Our direction should not come from outside of ourselves. Faith is an individual thing. We make choices, from an existentialist standpoint, without a clear road map. This is contrasts by other, more structured philosophies. People are ambiguous. When a person realizes the absurdity of the human condition, the existentialist would say that his/her actions begin to lead to values. Existentialism begins and ends with the individual. The individual is its solitary subject. Existence is not rational –it is absurd (Howie, 2006), and absurd is perhaps the most commonly used word of the existentialist. Rose (2003) studied Sartre’s interpretation of the concept of human nature, highlighting Sartre’s subjectivity of man to causal law, his view of human nature and modes of consciousness, and his universal account of humanity and non-causal freedom. Sartre said, “In life, a man commits himself, draws his own portrait, and there is nothing but that portrait” (Sartre, 2000, p. 7).
Our illusions and imaginings about ourselves, about what we could have been, are nothing but self-deception. A brave person is simply someone who usually acts bravely. Each act contributes to defining us as we are, and at any moment, we can begin to act differently and draw a different portrait of ourselves. There is always a possibility to change, to start making a different kind of choice. We have the power of transforming ourselves indefinitely. Despite different roles and historical situations, we all have to be in the world, to labor and die here. These circumstances are everywhere and recognizable, and they are subjective because they are lived.

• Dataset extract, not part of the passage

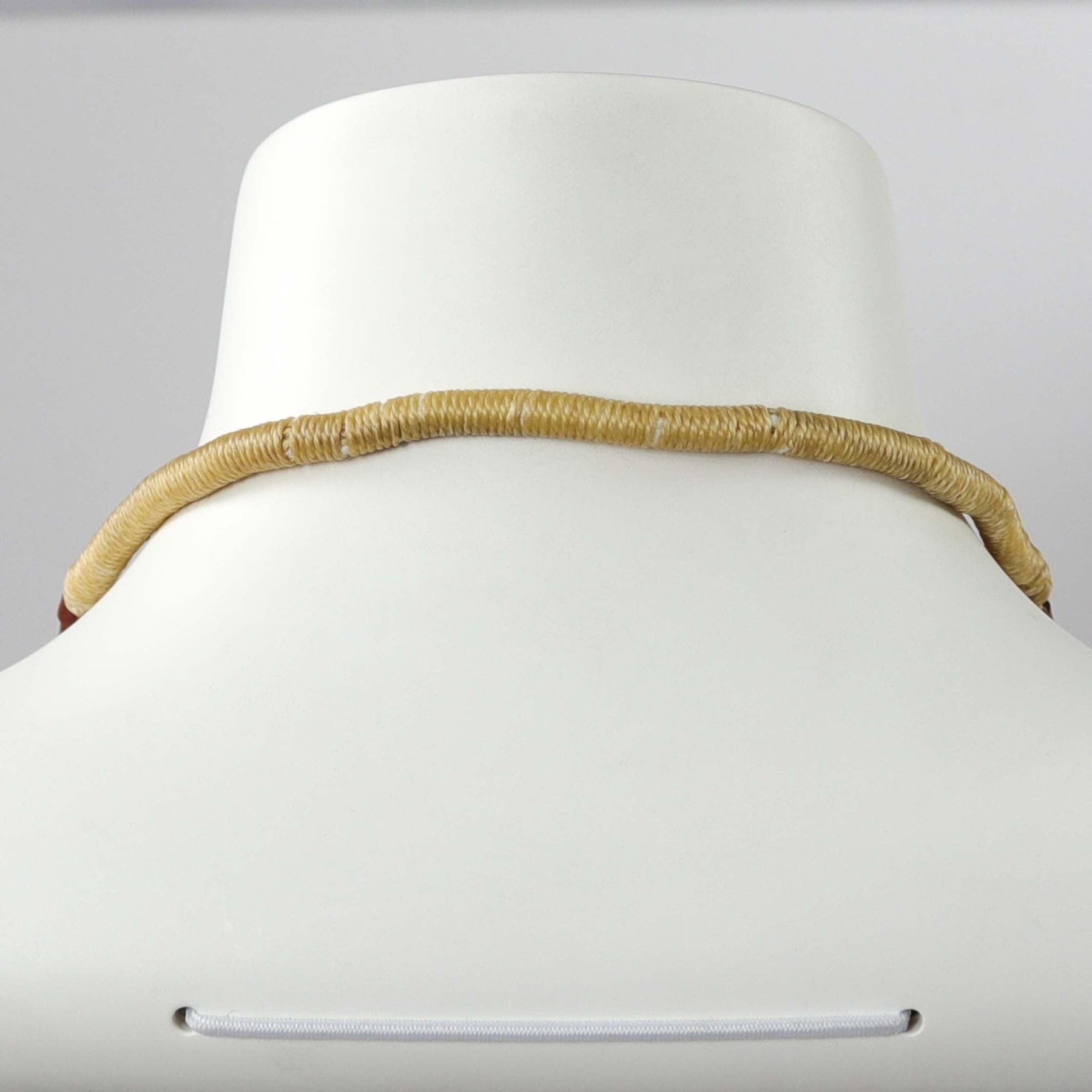 Three Strand Bead Necklace with Hand-Rolled Pipestone and Kingman Turquoise from Arizona. This necklace features a traditional wrapped backing and was made by Delia Abeyta (11 years old).

Ashworth (2003) examines the theories of human nature from evolutionary psychology to postmodern thinking, with a view to probing the orientation that the theories have to consciousness and provides details on Sartre’s understanding of the radical meaning of the intentionality of consciousness. Sartre’s view of the soul, or human reality, identifies and defines itself by the ends that it pursues, rather than by alleged causes in the past (Rose, 2003). Qizilbash (1998) argues that both Aristotle and Sartre characterize the human condition in terms of lack and insufficiency and that they both hold that people are responsible for their actions.
References
Ashworth, P. (2003). The representation of the openness of consciousness in some current theories of human nature. Journal of the Society for Existential Analysis, 141(1), 98-111.
Banach, D. (2006). The ethics of absolute freedom. Retrieved February 28, 2010 from http://www.anselm.edu/homepage/dbanach/sartrelecture.htm
Cline, A. (2006). Biographical history of existentialism. Retrieved, February 28, 2010 from http://atheism.about.com/od/existentialistphilosophers/a/kierkegaard.htm
Flynn, T. (1984). Sartre and Marxist Existentialism: The Test Case of Collective Responsibility. Chicago: The University of Chicago Press.

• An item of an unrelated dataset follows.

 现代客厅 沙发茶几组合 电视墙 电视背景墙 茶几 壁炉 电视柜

Howie, K. (2006). Existentialism philosophy. Retrieved February 28, 2010 from http://www.spaceandmotion.com/Philosophy-Existentialism.htm
Jack, D. (2001). Nice one, jean paul! The Lancet, 358(9293), 1656.
Qizilbash, M. (1998). Aristotle and Sartre on the human condition. Journal of the Theoretical Humanities, 31(1), 29-37.
Rose, D. (2003). Sartre and the problem of universal human nature revisited. Sartre Studies International, 9(1), 1-19.
Sartre, J. (2000). Existentialism and Human Emotions. New York: C Trade Paper Reissue Edition.